Canada says border won't fully reopen until 75% vaccinated

The restrictions, which exclude trade in goods, are now due to expire on July 21, 2021. PHOTO: REUTERS

OTTAWA (BLOOMBERG) - The Canadian government announced a loosening of Covid-19 travel restrictions for fully vaccinated people amid warnings that a return to a completely open border will take awhile longer.

Fully vaccinated Canadians and residents will exempt from the mandatory three-day hotel stay as well as a 14-day quarantine requirement on arrival to the country, Prime Minister Justin Trudeau's government said in a statement on Monday (June 21). Travellers will still need to have tested negative for Covid-19 before their trip, and take a second test at the border.

The move - effective July 5 - is a first, incremental step to ease restrictions amid mounting impatience for the government to reopen the border between the United States and Canada. A fuller reopening will not happen until 75 per cent of Canadians are fully vaccinated, Canada's border chief said on Sunday.

The world's longest undefended border has been closed to most travel since March 2020. On Friday, the government extended the restrictions until at least July 21.

"We haven't reached the finish line, and the finish line is when a significant majority of Canadians, approximately 75 per cent, are fully vaccinated," Public Safety Minister Bill Blair told the Canadian Broadcasting Corp on Sunday.

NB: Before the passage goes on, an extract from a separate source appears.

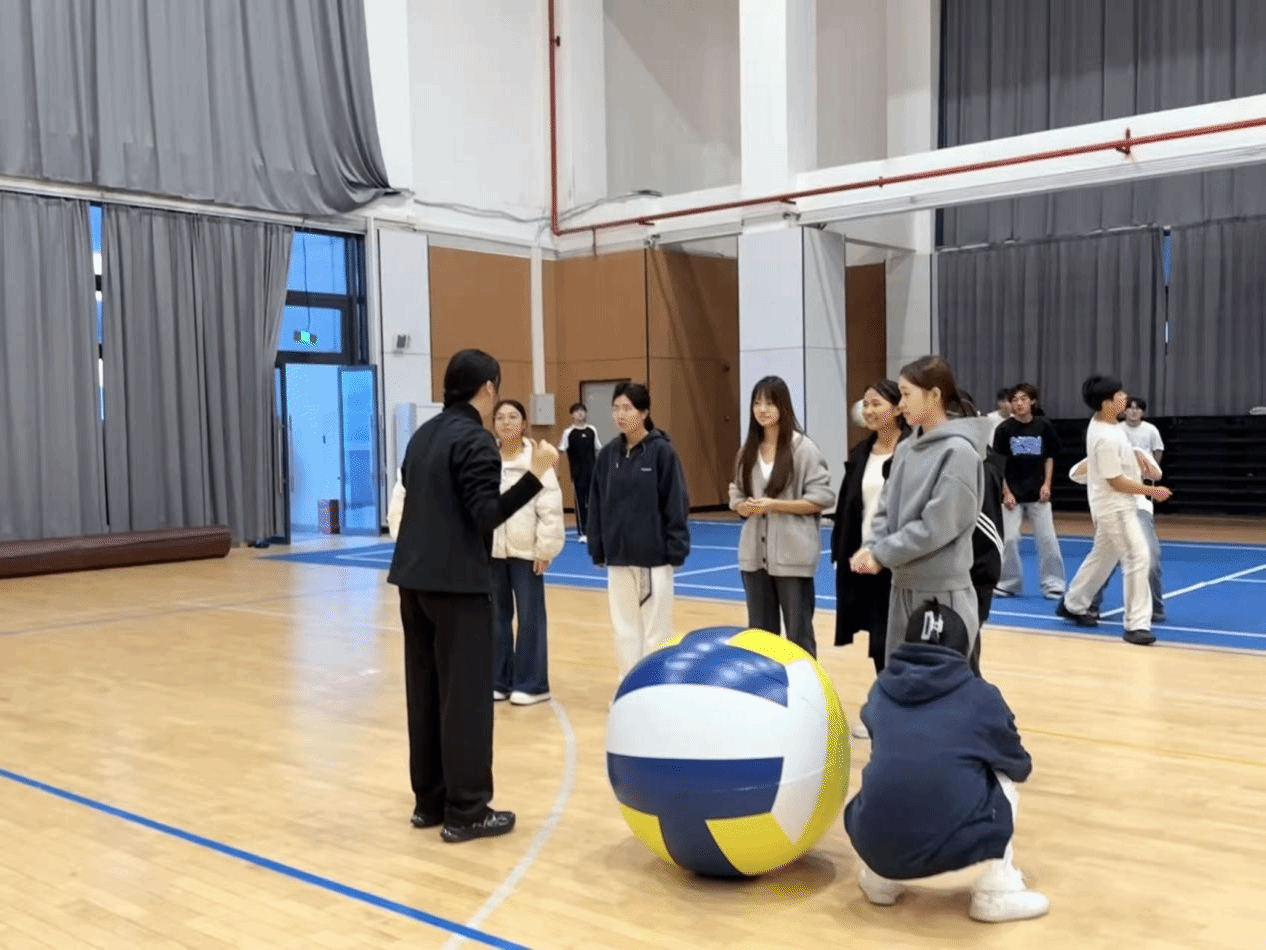 热身过后,廖秋怡教练进入了排球基础知识讲解环节。她耐心细致地为“零基础”的同学们拆解了排球运动中最核心的垫球、传球等基本手型与技术要领。从双脚的站姿、手臂的夹角,到击球时身体的协调发力,教练一边讲解,一边进行动作示范,并不时走到同学们中间,进行一对一的纠正与指导。“手臂要伸直,形成一个平面!”“用身体的力量去迎球,不仅仅是靠手臂!”教练的叮嘱回荡在馆内,同学们则聚精会神。他们不断模仿、练习,从生涩到逐渐掌握要领,脸上洋溢着求知的专注与初步掌握技能的成就感。

At present, less than a fifth of Canadians have received two shots, according to data compiled by CTV News.

The border restrictions have kept families apart, blocked tourists and students, and hampered the world's largest bilateral trading relationship. While trucks and trains continued to move goods, Canada's tourism and travel-related businesses lost an estimated C$20 billion (S$22 billion) in revenue last year, according to one estimate.

The new measures announced on Monday will help primarily Canadians living in the US come home without the added costs and burden associated with the full quarantine. It could also expedite entry for new immigrants and non-permanent residents like students.

Travellers will still need to quarantine until they receive the results of the second test. The new rules don't apply to tourists, and non-residents and partially vaccinated Canadians will still need to do the full quarantine.

Airlines, tour operators and other businesses on both sides of the border have been pleading for a more comprehensive reopening plan, with the vital summer season about to begin, and Canada's go-slow approach is causing frustration.

Mr Blair's announcement on Friday that Canada would extend the border restrictions was met with some unusually blunt language from Mr Brian Higgins, a New York Democrat who represents a border district.

Canada prioritised giving first doses to as many people as possible before moving on to second doses amid a shortage in vaccine supplies. As a result, some 66 per cent of Canadians have received one shot, but only 18 per cent have had two, the CTV data show. By contrast, about 45 per cent of Americans have had two doses, according to the Bloomberg Vaccine Tracker.

Despite its cautious stance, Mr Trudeau's government had approved a travel exemption for National Hockey League teams earlier this month for the final rounds of championship play-offs.

But last week, the head coach of the Montreal Canadiens tested positive in Las Vegas after travelling while only partially vaccinated, according to a statement from the NHL.

Canada is expecting the delivery of 68 million doses by the end of July that should be enough to fully vaccinate the eligible population. Asked if that might allow Canada to reopen the border by the end of August, Mr Blair said while he did not want to get ahead of the country's public health agency, he was hopeful.

"Clearly, as those vaccines arrive and as Canadians continue to get in those lines and get vaccines into their arms, we're really optimistic that we can meet that threshold of 75 per cent," he said.